Radwan sat to my left. Between us was a shisha pipe. It was an odd wooden and brass contraption. I grabbed the yellow and black striped tube nervously and lifted the straw to my mouth. As an ex-smoker, I had some concerns about trying nicotine again after a ten-year absence — but hey, when in Syria…
Three small blocks of charcoal sat atop a sheet of perforated foil. Each time I inhaled, the dusty gray coal glowed orange as pleasant, fruit-flavored smoke entered my lungs, and the nicotine caused my heart to pound against my chest. I felt slightly queasy and light-headed as a long-forgotten high rushed through my body.
The waiter brought us a jug of tea. We drank from glass mugs, smoked, and talked about our countries. We spoke of our lives, our jobs, family homes, sons and daughters and grandchildren. Radwan was an educated man in his 50s with short gray hair and a neat mustache who spoke perfect English. Syrians are rightly renowned for their hospitality, and my guide was an excellent host.

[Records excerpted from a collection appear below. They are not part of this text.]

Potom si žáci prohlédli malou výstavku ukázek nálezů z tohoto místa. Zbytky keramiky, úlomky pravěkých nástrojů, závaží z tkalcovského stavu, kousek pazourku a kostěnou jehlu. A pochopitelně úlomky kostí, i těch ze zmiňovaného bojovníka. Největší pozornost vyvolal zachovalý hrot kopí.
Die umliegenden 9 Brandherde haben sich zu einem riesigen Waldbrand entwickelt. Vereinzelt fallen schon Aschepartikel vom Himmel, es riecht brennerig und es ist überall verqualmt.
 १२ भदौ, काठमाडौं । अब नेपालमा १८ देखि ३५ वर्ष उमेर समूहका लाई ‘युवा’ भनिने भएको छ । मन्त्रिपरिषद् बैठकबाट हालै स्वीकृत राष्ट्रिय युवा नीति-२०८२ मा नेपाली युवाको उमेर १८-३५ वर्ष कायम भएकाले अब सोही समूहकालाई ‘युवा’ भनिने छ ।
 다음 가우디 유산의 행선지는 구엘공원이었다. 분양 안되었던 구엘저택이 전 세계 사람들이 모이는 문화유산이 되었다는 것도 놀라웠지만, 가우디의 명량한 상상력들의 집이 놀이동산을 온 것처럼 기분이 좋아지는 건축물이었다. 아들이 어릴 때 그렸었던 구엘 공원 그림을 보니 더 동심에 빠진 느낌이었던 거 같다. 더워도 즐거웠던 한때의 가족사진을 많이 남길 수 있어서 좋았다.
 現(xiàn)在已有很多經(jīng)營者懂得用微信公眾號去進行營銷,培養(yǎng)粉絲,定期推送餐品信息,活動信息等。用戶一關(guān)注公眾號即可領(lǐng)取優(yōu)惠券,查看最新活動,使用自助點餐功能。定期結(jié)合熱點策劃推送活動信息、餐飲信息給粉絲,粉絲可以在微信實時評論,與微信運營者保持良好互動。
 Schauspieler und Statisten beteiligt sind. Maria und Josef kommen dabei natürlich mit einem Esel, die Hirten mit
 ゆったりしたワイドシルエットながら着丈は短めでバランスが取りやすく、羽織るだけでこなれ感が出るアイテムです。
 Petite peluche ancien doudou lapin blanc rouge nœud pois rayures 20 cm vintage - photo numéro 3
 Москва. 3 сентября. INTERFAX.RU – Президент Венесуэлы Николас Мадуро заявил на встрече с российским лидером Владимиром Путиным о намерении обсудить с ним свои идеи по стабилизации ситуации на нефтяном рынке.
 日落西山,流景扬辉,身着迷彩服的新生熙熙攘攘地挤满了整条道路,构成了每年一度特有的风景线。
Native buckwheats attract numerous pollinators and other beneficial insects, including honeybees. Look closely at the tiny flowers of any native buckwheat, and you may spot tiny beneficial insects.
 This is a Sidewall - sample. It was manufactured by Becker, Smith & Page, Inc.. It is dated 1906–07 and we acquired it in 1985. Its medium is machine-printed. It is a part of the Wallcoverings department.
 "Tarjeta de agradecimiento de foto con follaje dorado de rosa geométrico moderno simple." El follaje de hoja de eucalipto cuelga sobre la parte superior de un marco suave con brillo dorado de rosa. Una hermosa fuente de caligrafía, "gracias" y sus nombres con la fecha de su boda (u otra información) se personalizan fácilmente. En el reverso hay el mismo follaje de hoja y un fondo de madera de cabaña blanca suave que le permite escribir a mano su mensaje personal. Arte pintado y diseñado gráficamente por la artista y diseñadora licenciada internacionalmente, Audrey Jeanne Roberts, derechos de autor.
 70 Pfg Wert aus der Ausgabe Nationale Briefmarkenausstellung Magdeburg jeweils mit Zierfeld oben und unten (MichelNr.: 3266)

Most people in Syria had two jobs, if not three, to make ends meet. Eight years of trouble and Western-imposed sanctions had taken their toll. But Radwan was shocked when I told him the cost of renting a small apartment in my hometown in the north-west of England.
As we spoke, two middle-aged men were playing chess at a table in the corner. One of them was enormous; the other was bigger still. Suddenly, the room echoed with the harsh sound of furniture scraping the floor. Voices were raised, and a fist slammed down on a table. Both men were standing now, shouting and pushing, face to face; the chess board was upturned, pieces skidding to the floor. The room fell silent. Radwan and I looked away, careful not to make eye contact. Eventually, a bystander persuaded one man to step outside and cool down.
After a time the chess game resumed, and the tension in the room began to fade. I was keen to have an early night in preparation for my stand-up paddleboarding adventure at Arwad the following day, so we finished our drinks and slowly wandered back to the Shahin Tower Hotel.
Stepping into the lobby, I could have been in any four-star hotel anywhere in the world.